Free Hottie ’til it’s backwards, free Dark Lo and the rest
My hood goin’ through a crisis, ain’t no real niggas left (Damn) Ain’t no fathers, if you make it out your twenties, then you blessed (Amen) That won’t change your situation when your mama and them stressed

Not to say his verse is bad, but it probably could’ve done better at the end of the song. This is still a top-tier track, though.

9. Thanksgiving
Produced by Harry Fraud
I remember this song from one of Benny’s old Instagram posts from 2019. It also dropped just a week prior to this album coming out. Here he talks about how his work ethic gave hope to other people like him and how he inspired a lot of others. He demands his flowers from said people in the chorus:

You should thank me, nigga (Y’all niggas can’t tell me what I should do, ah)
Tell me thank you (Just think)
Y’all niggas should tell me thank you (I gave y’all niggas something to watch, something to look forward to)

I like how he tells the listener that everything he’s talked about in this album is what he does, and that if they have a problem then they can turn it off. Benny’s rhyme schemes and wordplay are amazing on this track, but at this point that’s what the listener has grown to expect from him. This is a great ending to a great project.

BOTTOM LINE

Plugs 2 ultimately sees Benny in a more mature headspace than the first installment, which makes for a more refined and polished listen than the first. Obviously the subject matter is the same as the first project, but while Plugs 1 could be looked at as a hungry young street dude proving himself, Plugs 2 could be looked at as the same street dude from before revisiting things from his new perspective.

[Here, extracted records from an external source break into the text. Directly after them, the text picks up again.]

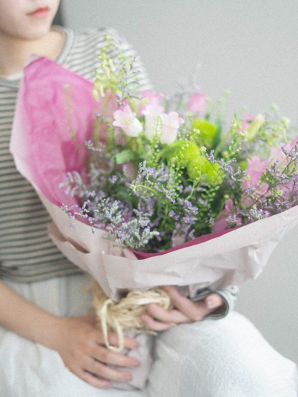 母の日をはじめ、大切な方への感謝の気持ちを込めて贈りたくなる、心温まる花束です。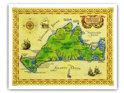 Beautiful 8 x 6.25 inch framable antique-looking map of Martha's Vineyard, Massachusetts. Featuring all seven towns: Vineyard Haven(Tisbury), Oak Bluffs, Edgartown, West Tisbury, Chilmark, Aquinnah. Also has five of Island's Lighthouses. Printed on heavy stock.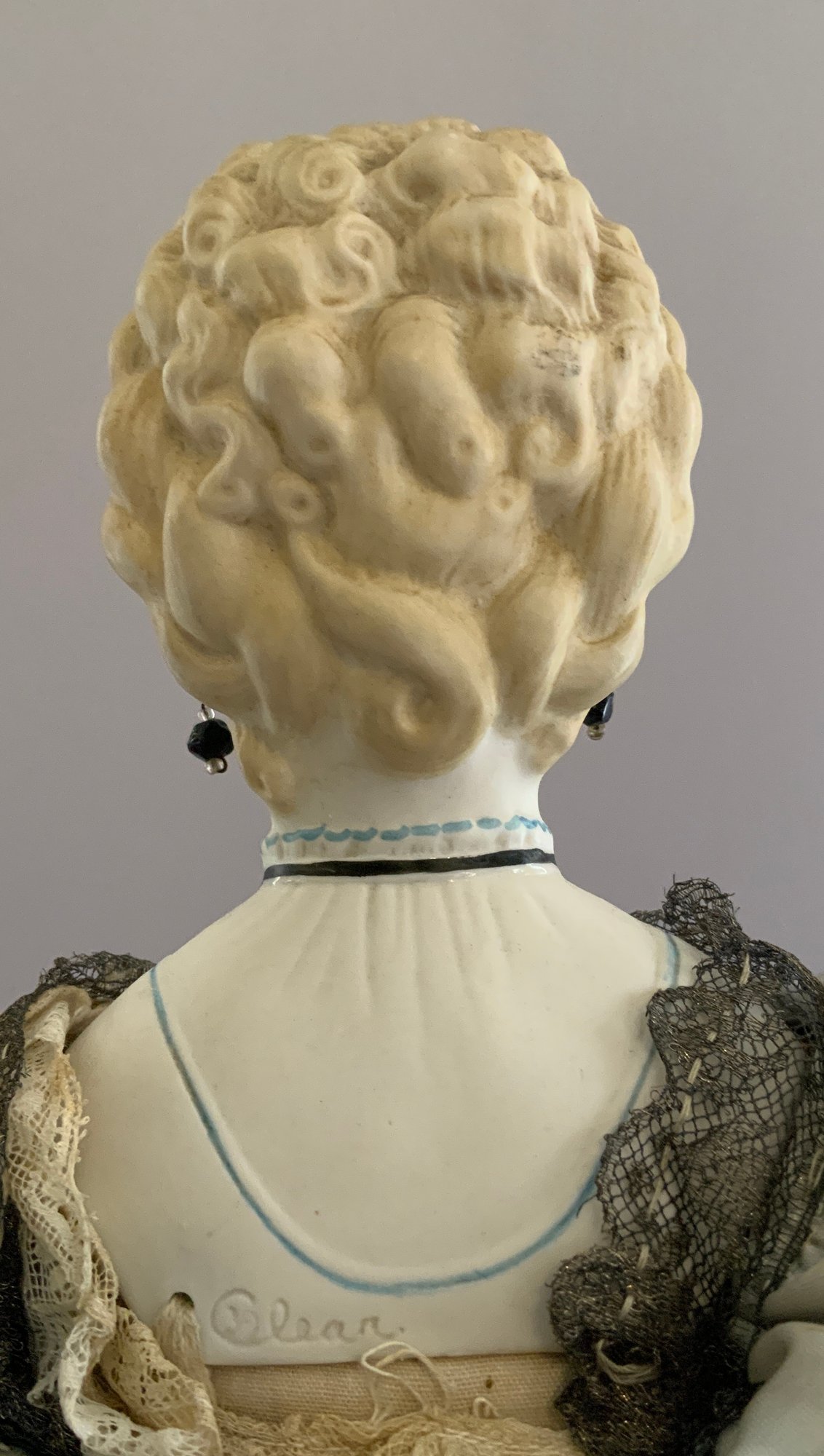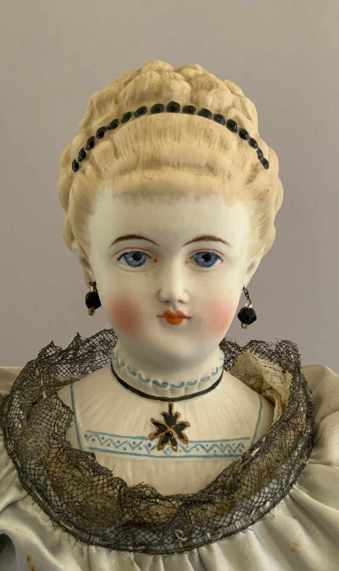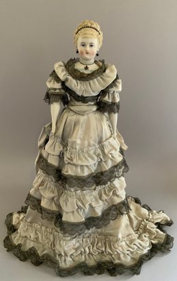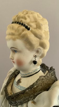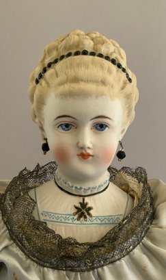 19” Emma Clear parian shoulder head artist doll, Kaiserina Augusta Victoria, painted features, PE, sculpted blonde hair with beaded band, fancy bodice, cloth body with parian limbs, blue ruffled court costume (light stains)
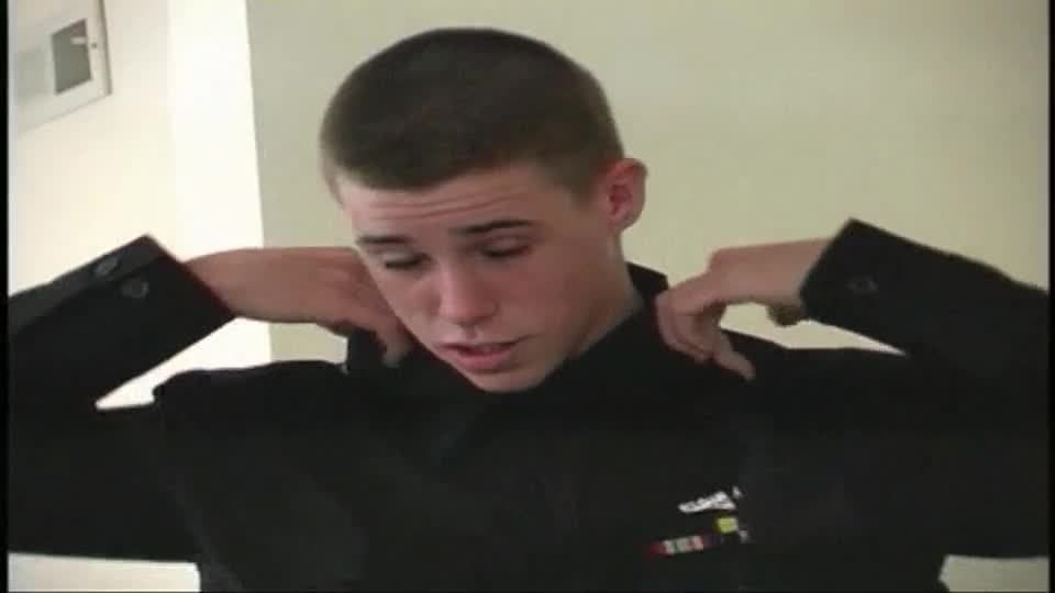 O jovem marinheiro Mark Woods, deixa cair seu uniforme para que você possa admirar o seu grande pau enquanto ele se masturba na frente de voce.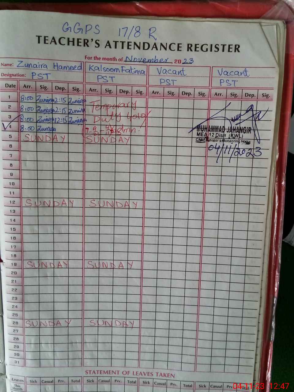 | Remarks (Use Separate Page if Required): THIS SCHOOL IS INSAF AFTERNOON SCHOOL FTF RECORDS IS NOT MAINTAINED BANK STATEMENTS ARE NOT AVAILABLE KALSOOM FATIMA PST IS ON TEMPORARY DUTY NEED BASE OR TILL THE COMPLETION OF ASSIGNMENT FROM 07 SEPTEMBER 2023 TO 04 NOVEMBER 2023 TWO TOILETS FOUND BLOCKED AND NON FUNCTIONAL AND ONE TOILET MOTOR PUMP IS FITTED THAT IS DANGEROUS AND NON FUNCTIONAL RANDOM CLASS ONE IS NOW IN CLASS THREE | |||||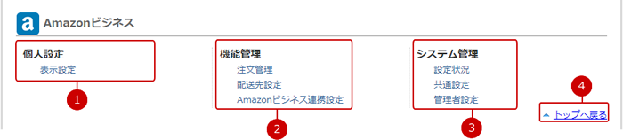 Amazonビジネスの設定メニューリンク集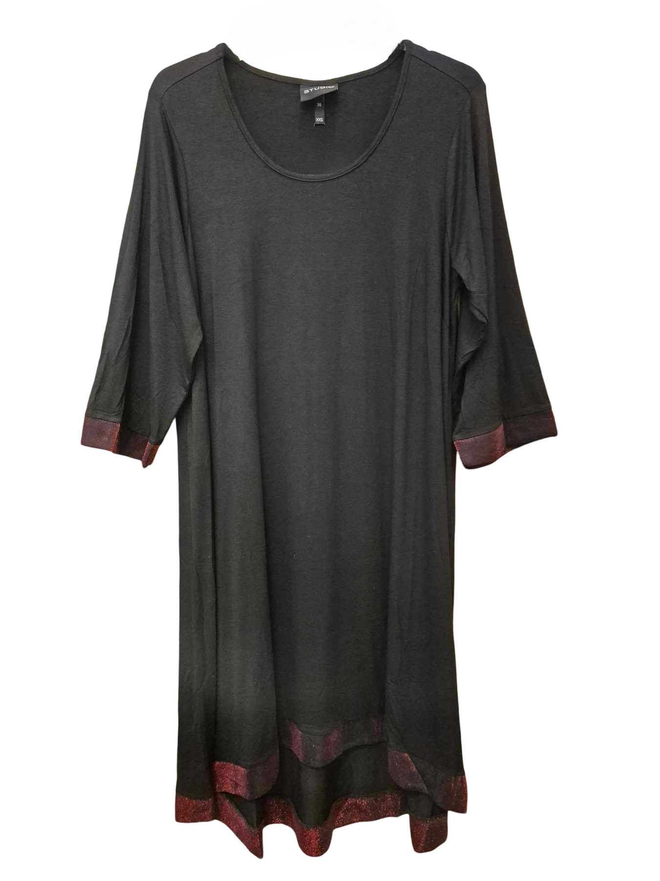 Studio - Evelyn, sparilegur kjóll með rúnuðu hálsmáli og rauðum glimmerkannti neðst, kvartermar líka með glimmerkannti.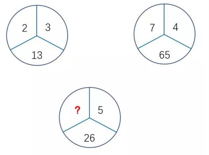 经典的扇形数字题。三个圆的规则一样,从上边两个圆里找规律,再给下边的圆填上合适的数字。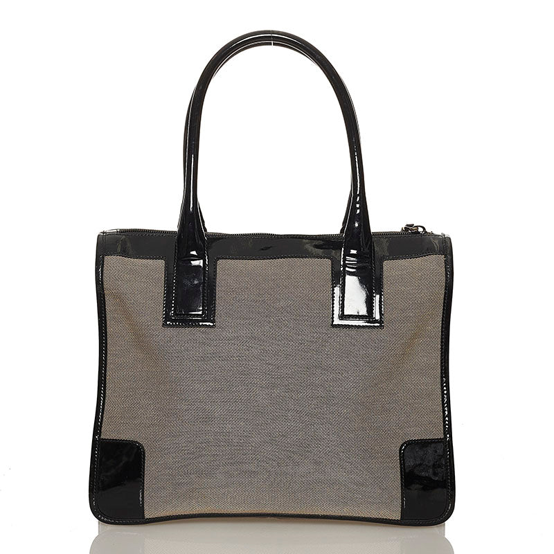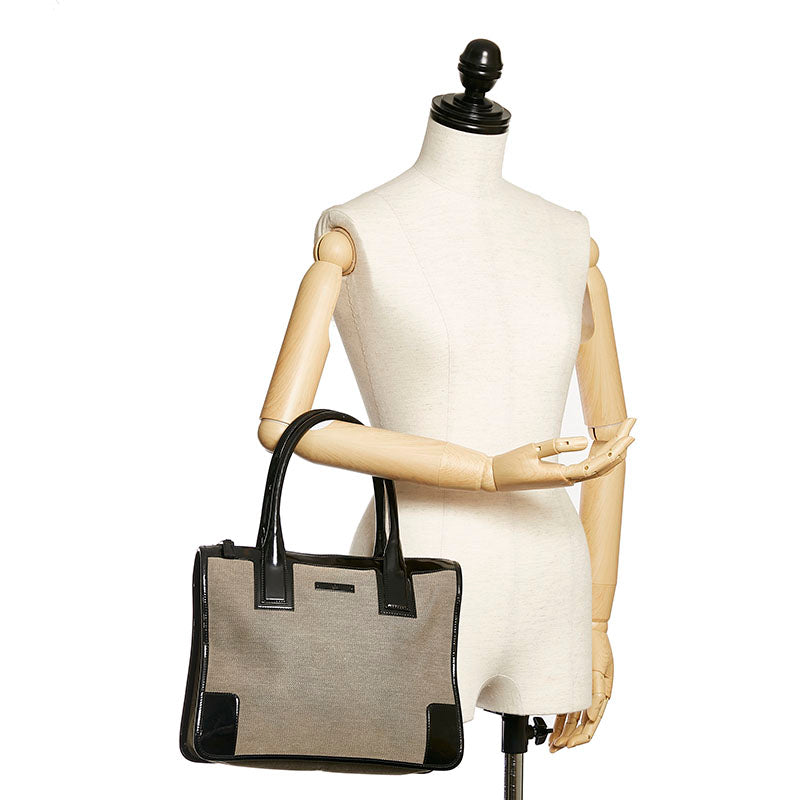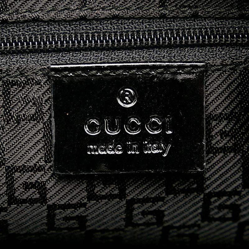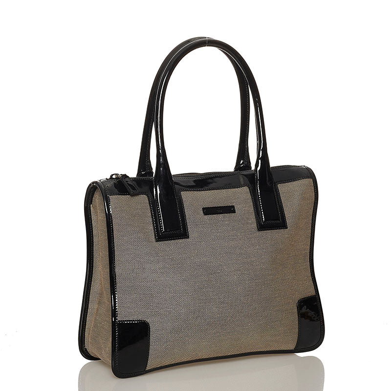 グッチ 000-0855 ベージュ ブラック キャンバス パテントレザー ハンドバッグ レディース GUCCI 【中古】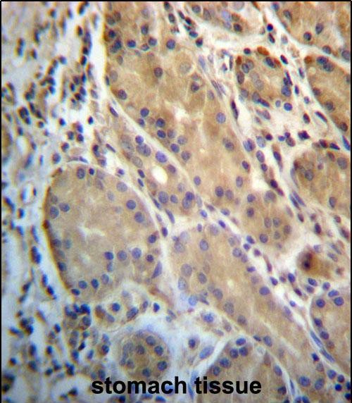 ERO1L Antibody (C-term) (Cat. #P31262)immunohistochemistry analysis in formalin fixed and paraffin embedded human stomach tissue followed by peroxidase conjugation of the secondary antibody and DAB staining.This data demonstrates the use of ERO1L Antibody (C-term) for immunohistochemistry. Clinical relevance has not been evaluated. |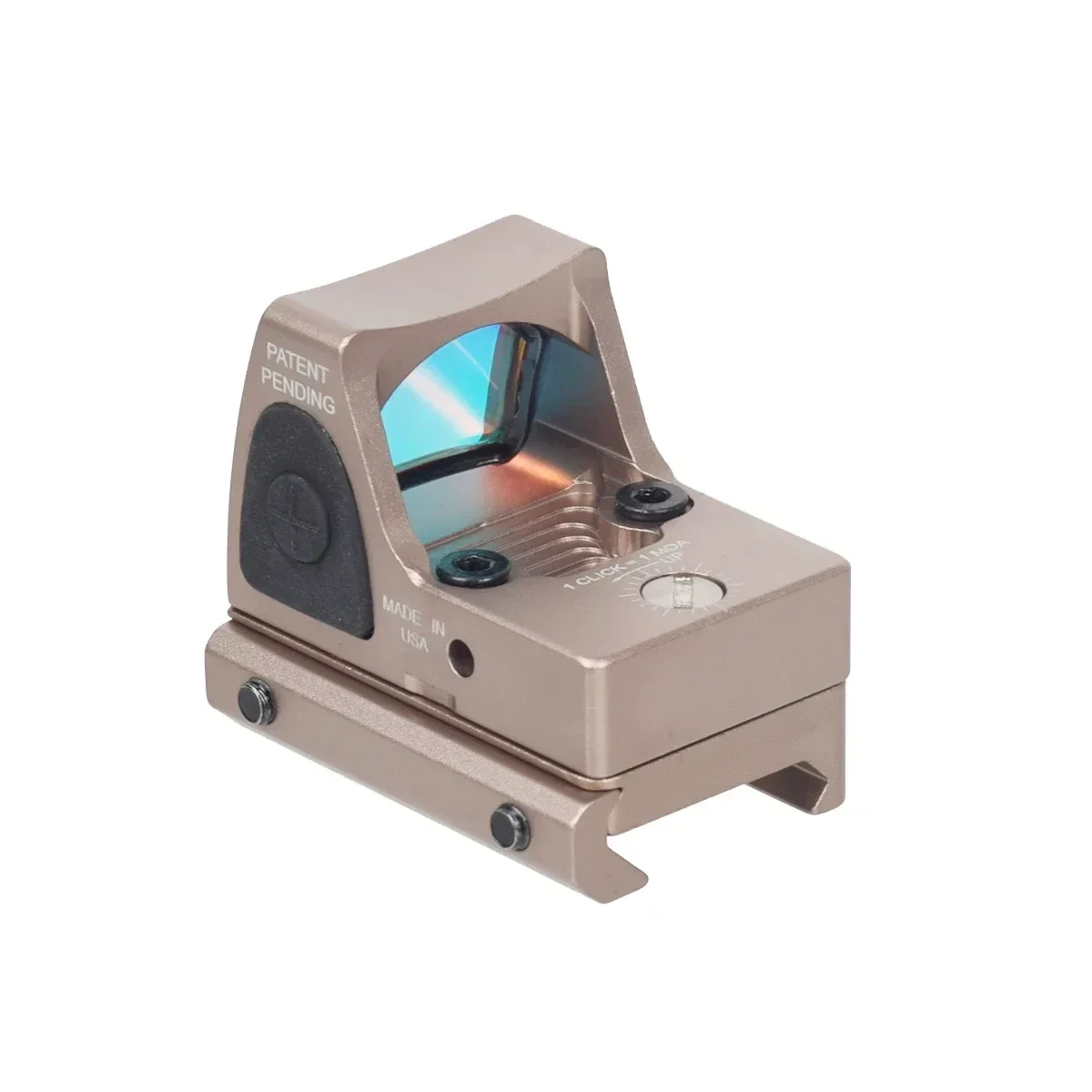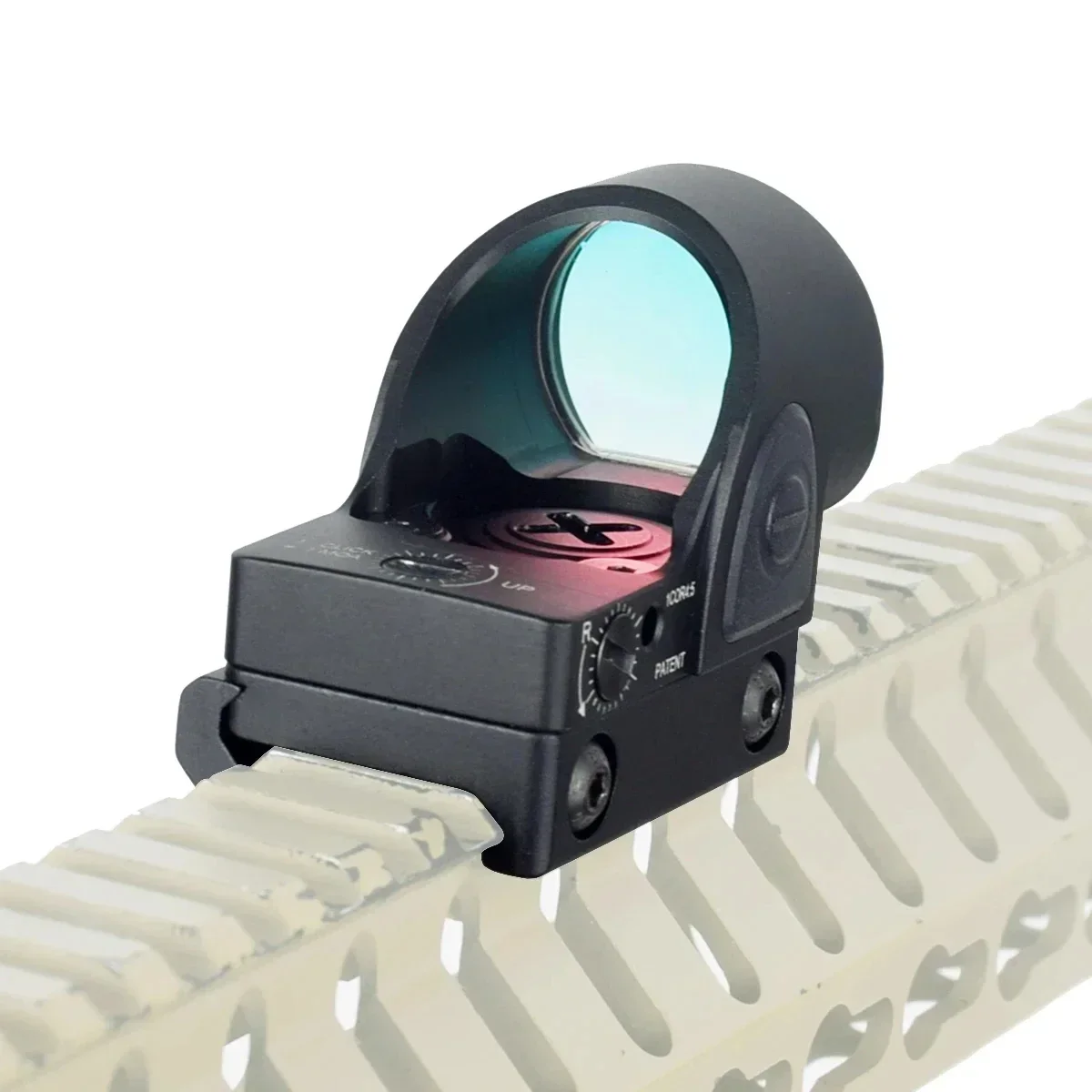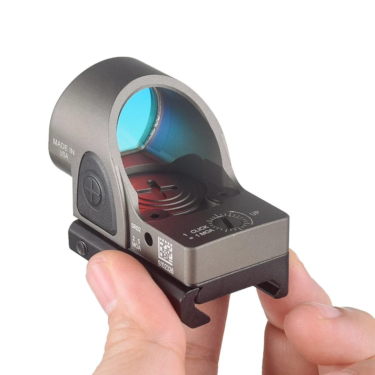 Material: aluminio de aviación 6061 Mecanizado CNC de precisión Superficie anodizada dura Color retícula Rojo Tipo de batería: CR2032 (incluida) Con cinco configuraciones de brillo amables, el retícula se puede ajustar manualmente presionando los botones más orminus a cada lado de la unidad.
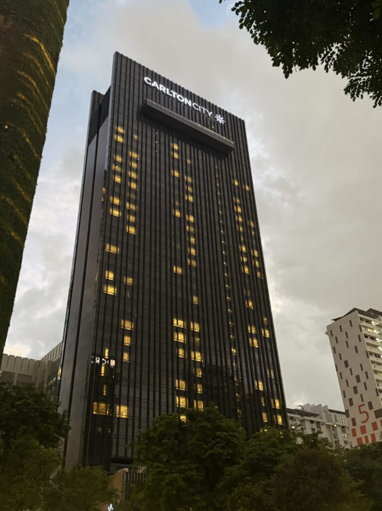 シンガポールに到着したのは12日の夕方。今回は「カールトン・シティ・ホテル・シンガポール」に宿泊しました。空港から1時間ほどで到着し、駅の目の前という好立地なのですが……自他ともに認める方向音痴な私。ホテルの周りをぐるりと一周して、ようやくエントランスに辿り着きました(笑)。
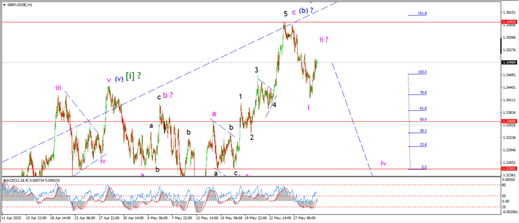 Watch for wave ‘ii’ to complete below 1.3590 at the wave (b) top.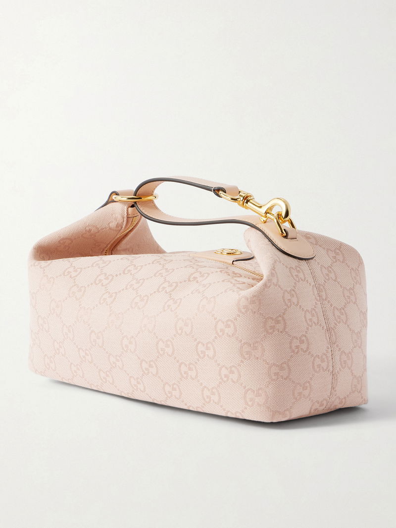 Inspired by classic beauty cases, Gucci's 'Ophidia' clutch is endlessly versatile, and can be carried three different ways. It's been crafted in Italy from monogrammed canvas-jacquard and is outlined with an adjustable leather strap that can be hand-held or worn over the shoulder. -Materials: 100% Calf Leather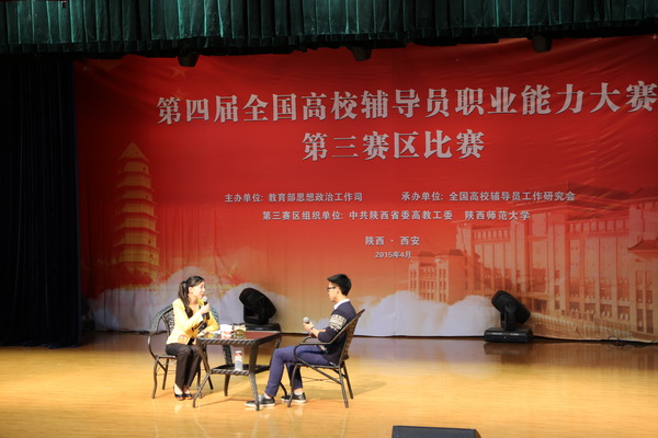 本屆大賽由教育部思想政治工作司主辦,全國高校輔導(dǎo)員工作研究會承辦,2015年1月啟動,分初賽、復(fù)賽和決賽三個階段。初賽由各省組織舉辦,復(fù)賽共分六個賽區(qū),陜西師范大學(xué)為復(fù)賽第三賽區(qū)的承辦點,共有來自陜西、重慶、四川、甘肅、青海、寧夏、新疆及新疆生產(chǎn)建設(shè)兵團共八個省區(qū)80名選手參賽。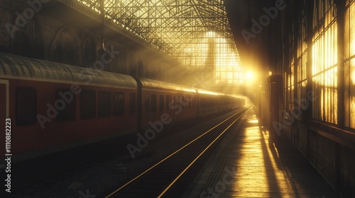 © ABIDZAR ALFAREZ, Fototapeta premium Sunlit train at vintage railway station platform.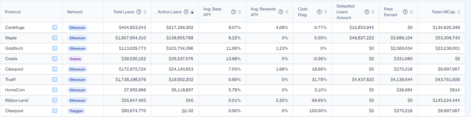因为 RWA 赛道的抵押品或者交易资产是链下的,也不是传统 DeFi 协议中的 ERC-20 代币,因此当发生资产清算事件时要比原生加密资产清算复杂得多。根据 rwa.xyz 的数据显示,目前主要的 RWA 协议中,Centrifuge、Maple、TrueFi 均出现了坏账,总违约金额达 6600 多万美元,贷款违约率为 1.6% 左右。

This is a tough one, because there isn’t really anything actively bad about this album, but obviously it isn’t a classic project. Benny has meshed well with every producer he’s worked with in the past and you can go ahead and throw Harry Fraud onto that list. In my opinion he’s one of the few rappers that doesn’t have a bad verse, another one being Conway The Machine.

Speaking of Griselda, I’m a little disappointed that we didn’t get features from Westside Gunn or Conway. Maybe that’s his way of trying to make a name for himself. Or maybe the Bobby line from “Overall” is deeper than we think??

Whatever. I’m just glad we have more Benny music. I wonder when everyone else is gonna recognize that he really is one of the best rappers out right now. Like I said, the man doesn’t have a single bad verse. Hopefully it’s a matter of time before he gets the recognition he knows he deserves.